100 GbE on a Jetson AGX Orin dev kit

,

What is our best chance to use a 100 GbE NIC (with DPDK) in a Jetson AGX Orin dev kit? So far, we tried:

  • an NVIDIA MCX653105A-ECAT: not detected with lspci after booting (not even after echo 1 >/sys/bus/pci/rescan).
  • an Intel e810: works fine with the ice driver, but not with DPDK, as the vfio_pci driver complains that IOMMU group 12 is not viable
  • a QNAP QXG-25G2SF-CX6: works (also with DPDK), but needs multiple boot attempts to be detected, and is only dual 25 GbE.
    We use JetPack 5.0.2 with the Jetson Linux 35.1 BSP. Solutions as described in SOLUTION/TUTORIAL: Jetson ORIN Enabling PCIE power and Jetson AGX Orin board not able to enumerate FPGA PCIe card (Latest kernel 35.1.0) did not solve our problems. The dmesg output is attached. Any help is more than welcome!
    dmesg (78.5 KB)

Sorry for the late response, is this still an issue to support? Thanks

Yes, we still did not find a way to make any type of 100 GbE NIC work in the AGX Orin, either because the NIC is not detected at boot time, or because the vfio_pci driver used by DPDK does not work (we need DPDK to avoid prohibitive OS overhead). We use the Orin’s tensor cores for signal processing, and they are so fast that we think that it can handle close to 100 Gb/s of input in less than 75 Watt (including NIC), which would set a new milestone in energy efficiency. But we need a working 100 GbE NIC for that.
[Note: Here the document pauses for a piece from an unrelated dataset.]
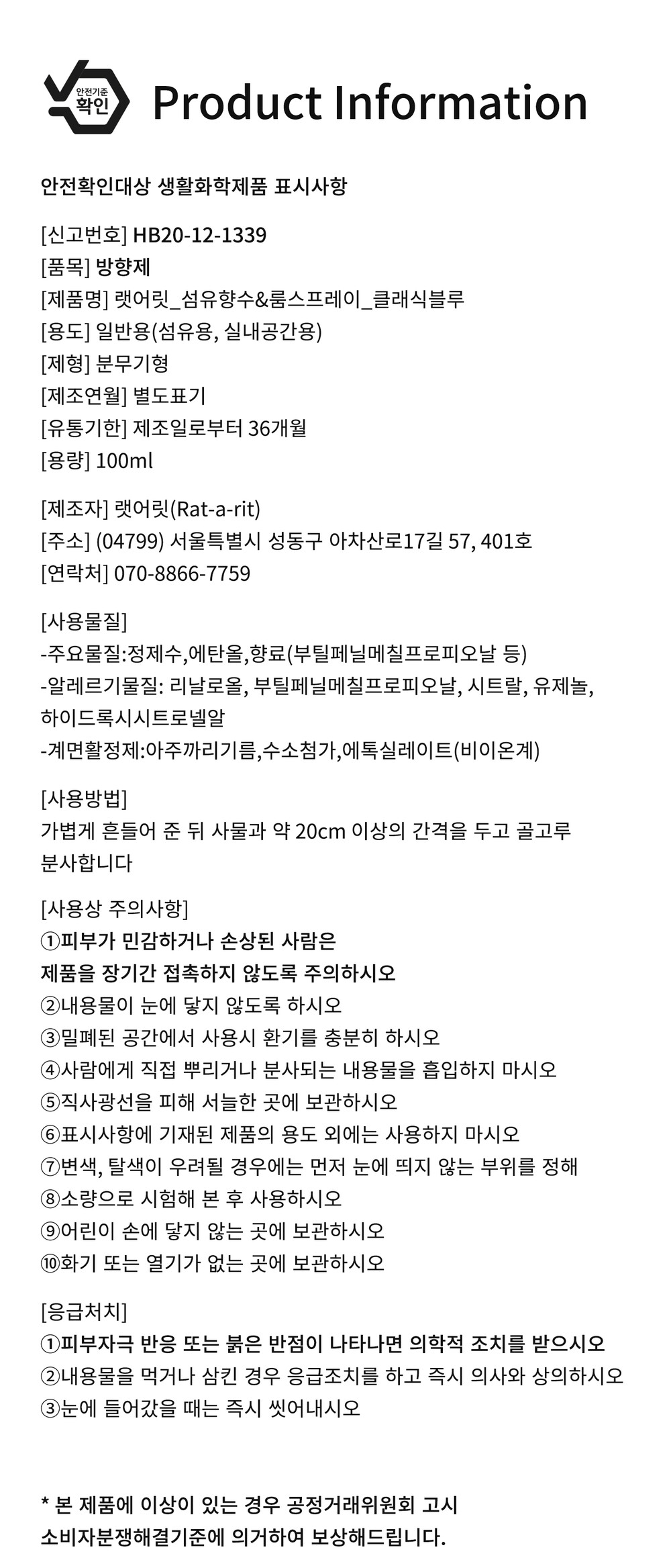 - 상품 수령 후 7일 이내에 랫어릿으로 연락을 주셔야 합니다.

Hey John, I was in a very similar situation. My ConnectX-5 EX was not recognized by the Jetson AGX Orin. The solution was to update the ConnectX FW, PXE, and UEFI. After the update was made, the board is now recognized by the Jetson.

Initializing...
Attempting to perform Firmware update...
Querying Mellanox devices firmware ...

Device #1:
----------

  Device Type:      ConnectX5
  Part Number:      MCX516A-CDA_Ax_Bx
  Description:      ConnectX-5 Ex EN network interface card; 100GbE dual-port QSFP28; PCIe4.0 x16; tall bracket; ROHS R6
  PSID:             MT_0000000013
  PCI Device Name:  03:00.0
  Base GUID:        1070fd0300982146
  Base MAC:         1070fd982146
  Versions:         Current        Available
     FW             16.32.1010     16.35.2000
     PXE            3.6.0502       3.6.0805
     UEFI           14.25.0017     14.28.0016

  Status:           Update required

---------
Found 1 device(s) requiring firmware update...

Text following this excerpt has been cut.